# Muslims shooting horses dead just for the hell of it.



## TheGreatGatsby

I personally couldn't even make it a minute and a half into the video. Just more savagery....

http://www.barenakedislam.com/2016/02/11/they-shoot-horses-dont-they-viewer-discretion-advised/


----------



## S.J.

Who are the real animals?  It's almost like muslims are trying to give the rest of the world a reason to exterminate every fucking one of them.


----------



## TheGreatGatsby

S.J. said:


> Who are the real animals?  It's almost like muslims are trying to give the rest of the world a reason to exterminate every fucking one of them.



I never accept calling Muslims animals. It's a flat out insult to animals, who have value.


----------



## Grandma

Were they killing the animals for fun, or was it for food? Horses are eaten in a lot of countries.

The way they killed the poor beasts was savage, in some places savagery rules, a Lord of the Flies mentality takes over in places with no money or resources. I doubt that most of these killing machines could ever be trained to function in normalized society, which raises questions about what to do with them and those like them - regardless of ethnicity or religion - once the region becomes more stabilized.


----------



## TheGreatGatsby

Grandma said:


> Were they killing the animals for fun, or was it for food? Horses are eaten in a lot of countries.



Does it look like they were killing them for food? Fucktard.


----------



## S.J.

Grandma said:


> Were they killing the animals for fun, or was it for food? Horses are eaten in a lot of countries.
> 
> The way they killed the poor beasts was savage, in some places savagery rules, a Lord of the Flies mentality takes over in places with no money or resources. I doubt that most of these killing machines could ever be trained to function in normalized society, which raises questions about what to do with them and those like them - regardless of ethnicity or religion - once the region becomes more stabilized.


I knew you'd find a way to defend the bastards.


----------



## TheGreatGatsby

S.J. said:


> Grandma said:
> 
> 
> 
> Were they killing the animals for fun, or was it for food?
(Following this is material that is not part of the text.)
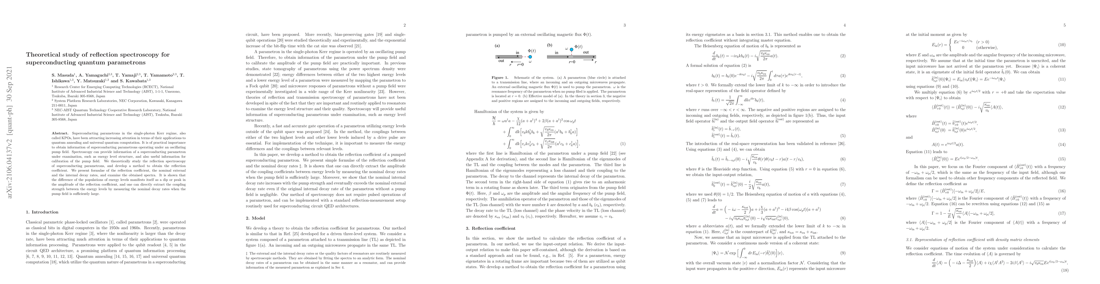 This paper theoretically investigates reflection spectroscopy for superconducting parametrons, developing methods to obtain the reflection coefficient and examining the resulting spectra. It demonstrates that differences in energy level populations manifest as dips or peaks in the reflection coefficient, allowing extraction of coupling strengths between levels.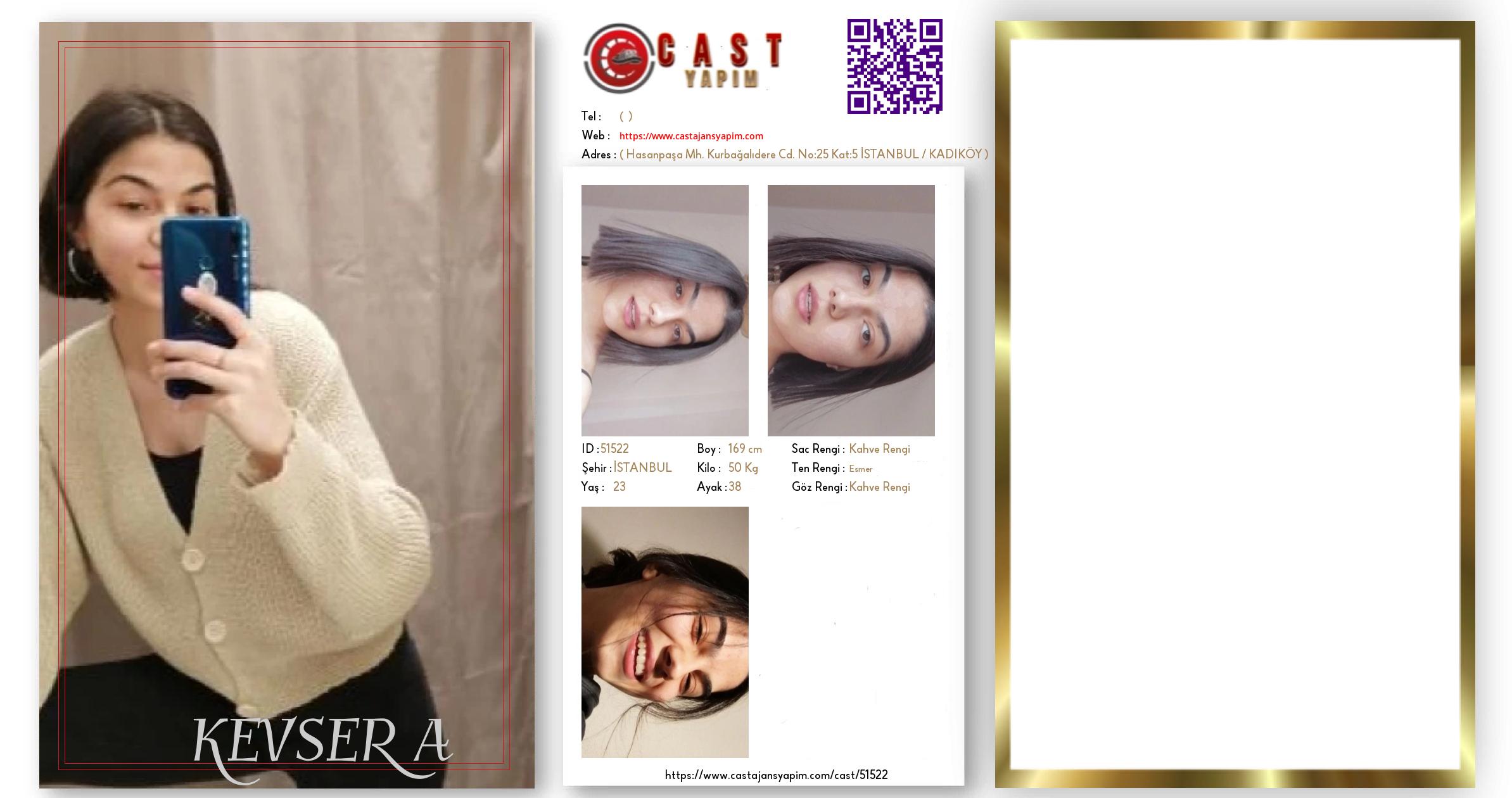 Merhaba, ben KEVSER A. İSTANBUL şehrinde yaşıyorum ve 23 yaşındayım. Genel özelliklerim arasında boyum 169 cm, kilom 50 kg, saç rengim Kahve Rengi, göz rengim Kahve Rengi, ten rengim Esmer.

Horses are eaten in a lot of countries.
> 
> The way they killed the poor beasts was savage, in some places savagery rules, a Lord of the Flies mentality takes over in places with no money or resources. I doubt that most of these killing machines could ever be trained to function in normalized society, which raises questions about what to do with them and those like them - regardless of ethnicity or religion - once the region becomes more stabilized.
> 
> 
> 
> I knew you'd find a way to defend the bastards.
Click to expand...


Except his defense is extra stupid because that's not halal; though, it certainly resembles it.


----------



## The Great Goose

Grandma said:


> Were they killing the anica for fun, or was it for food? Horses are eaten in a lot of countries.
> 
> The way they killed the poor beasts was savage, in some places savagery rules, a Lord of the Flies mentality takes over in places with no money or resources. I doubt that most of these killing machines could ever be trained to function in normalized society, which raises questions about what to do with them and those like them - regardless of ethnicity or religion - once the region becomes more stabilized.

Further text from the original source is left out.